History

United KingdomUnited Kingdom
- Name: Gardiner and Joseph
- Builder: Hull
- Launched: 1810
- Fate: Foundered 9 October 1824

General characteristics
- Tons burthen: 360 (bm)
- Armament: 8 × 9-pounder carronades

= Gardiner and Joseph (1810 ship) =

Gardiner and Joseph (or Gardener and Joseph, or Gardner and Joseph) was launched at Hull in 1810. She made 11 voyages to Greenland or Davis Strait as a whaler in the northern whale fishery. She then traded briefly between Hull and North America.
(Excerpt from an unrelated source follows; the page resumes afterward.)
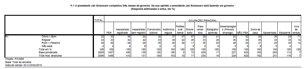 Na estratificação por ocupação profissional, observa-se que Bolsonaro tem aprovação alta nos seguintes segmentos: autônomo regular (37%), profissional liberal (47%), empresário (57%) e aposentado (36%). Seu pior desempenho está entre os desempregados, onde ele tem rejeição de 40%.

She foundered on 9 October 1824.

==Career==
She was a replacement for her owners's , launched at Hull in 1802 and lost in 1808.

Gardner & Joseph first appeared in Lloyd's Register (LR) for 1810 with Holberry, master, Eggingtons, owner, and trade Hull–Davis Strait.

The following data is from Coltish, supplemented by data from Lloyd's List (LL), LR, and the Register of Shipping (RS):

| Year | Master | Where | Whales | Tuns whale oil |
|---|---|---|---|---|
| 1811 | Holberry | Davis Strait | 8 | 113 |
| 1812 | Holberry | Davis Strait | 6 or 19? | 80 |
| 1813 | Holberry | Greenland | 16 | 150 |
| 1814 | Holberry | Greenland | 20 | 165 |
| 1815 | Holberry | Greenland | 2 | 18 |
| 1816 | Holberry | Greenland | 5 | 64 |
| 1817 | Kirby | Davis Strait | 7 | 101 |
| 1818 | Kirby | Davis Strait | 4 | 43 |
| 1819 | Kirby | Davis Strait | 6 | 102 |
| 1820 | Angus | Greenland | 9 | 92 (or 206 butts) |
| 1821 | Angus | Greenland | 7 + 2000 seals | 84 (or 190 butts) |

==Fate==
Gardner and Joseph ceased whaling. She was last listed in LR in 1824 with trade Hull–America and in the RS in 1825 with trade Hull–Quebec.

Her crew abandoned Gardiner and Joseph, Foster, master, in the Atlantic Ocean on 9 October 1824, at . Paragon, Simpson, master, rescued her crew. (Note: Paragon, of 357 tons (bm), B.Simpson, master, Holt & Co., owners, had been launched at Lancaster in 1824.) Gardner & Joseph was on a voyage from Hull to Saint John, New Brunswick.